After speaking with 50+ people (in-house, agency, brand owners, SaaS, operators) across a trio of speaking engagements (two at SMX Munich, and a keynote at SMX Paris), it is abundantly clear that one topic is front-and-center in everyone’s minds: where is paid search going? 

Even more recently, Sam Altman (he of ChatGPT fame) weighed in on the topic on the Lex Friedman podcast (you can view the relevant excerpt of the 2.5+ hour interview here), where Altman made several interesting points/claims: (1) he’s interested in making a better system for search, not merely another Google; (2) ads create a suboptimal user experience across the internet (not just on Google, but on Instagram, Facebook and informational sites); and (3) people are willing to pay for a better, non-ad-influenced experience, citing ChatGPT’s $20/mo model as evidence. Boiling it down: Sam Altman thinks there’s a future where paid search is no longer part of the overall online ecosystem. 

All of this leads to an interesting question: Is there a future for paid search? 

In an effort to not bury the lede, I’m going to jump straight to the conclusion, then talk through a few key points that marketers should keep in mind as they think about where search is going and how to prepare for that future.  

Is Sam Altman Right? Is Paid Search Done? 

I think the strongest argument against Sam Altman’s “subscription” concept is simple economics: paid search, as it currently exists (so, before any improvements from LLM integrations) is a more effective + more efficient value capture mechanism than any subscription model could ever hope to become. To move away from ads would cost tech giants hundreds of billions a year – and likely result in their businesses collapsing. That’s….not something they’re going to do. 

To illustrate that in a more concrete way, Google’s total revenue for 2023 was ~$307.4B (source); of that, $175.04B of that is from Google Search (categorized as “Search & Other” on all financial statements)(source). Google represents ~60% of total search, including retail media (~$115B est. 2023 – Insider Intelligence), other platforms (Microsoft, TikTok, Instagram search), etc. Put it all together, and global “search” advertising revenues can be roughly approximated at ~$292B +$28B MSFT + Meta + TikTok + YouTube (ads on SERPs only, estimated) = $320B USD for 2023. I think the above is relatively close to accurate, while erring on the side of being conservative. 

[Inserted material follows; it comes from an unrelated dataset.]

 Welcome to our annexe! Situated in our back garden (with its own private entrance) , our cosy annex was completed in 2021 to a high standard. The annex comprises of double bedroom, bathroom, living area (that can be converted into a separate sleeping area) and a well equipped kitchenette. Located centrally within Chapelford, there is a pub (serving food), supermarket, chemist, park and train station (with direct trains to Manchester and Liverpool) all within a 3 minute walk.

If paid search were to be replaced with a subscription-only model, somewhere in the neighborhood of $20/mo/user, and if every US + European Union/UK resident over age 14 (~720M people) immediately subscribes at that price ($20/mo), the resulting revenue would be approximately $172.8B, or 46% less than current search revenue. While a 100% subscription rate is nowhere close to realistic (least of all because a whopping ~50% of Americans have less than $500 in their savings accounts), I have disregarded APAC, Latin America, the Middle East & South America, so the end point is probably in the vicinity of realistic. There will be cases where people have multiple subscriptions, and there will be corporate memberships, and all of that probably adds another $35B to this total – which is still ~$110B short of 2023 search ad revenues. In the end, that’s simply not a sufficient amount of revenue to sustain a product of this caliber – and so, either (a) search as we know it ceases to exist or (b) ads return. (a) isn’t viable, so (b) it is. 

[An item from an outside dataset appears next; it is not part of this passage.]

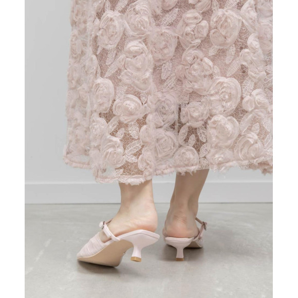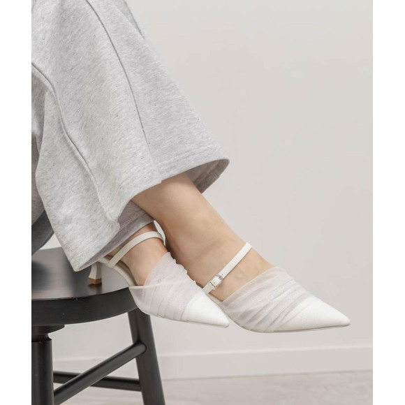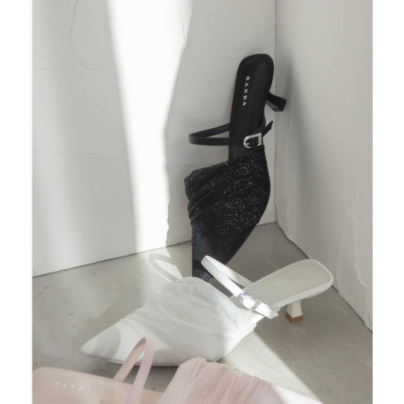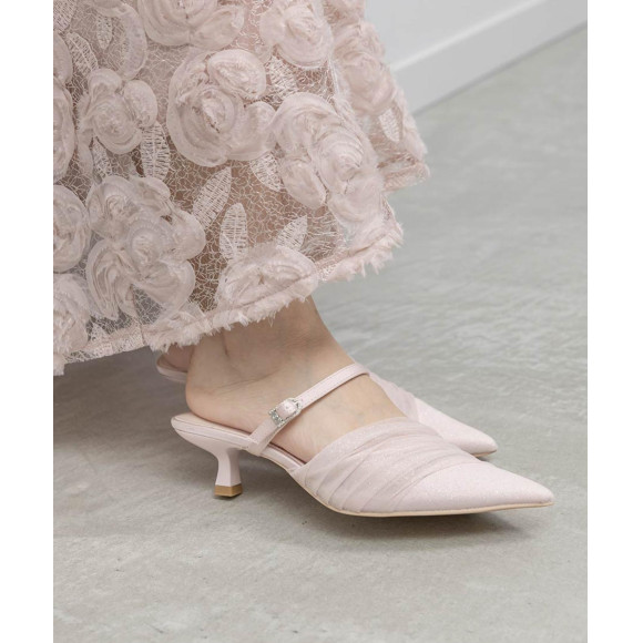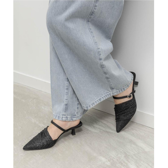 繊細なラメがきらめくシアー素材のミュールパンプス。

Not only does the above model not make economic sense for the platforms providing search as a service (a whole new kind of SaaS!), but it also doesn’t make sense for market participants (businesses, organizations & individuals), who now have (1) limited insight into what factors are driving recommendations (this isn’t going to be altruistic; it’s going to be heavily influenced by LLMOs (Large Language Model Optimizers – the next evolution of SEOs) and (2) limited capacity to reach their target audience. 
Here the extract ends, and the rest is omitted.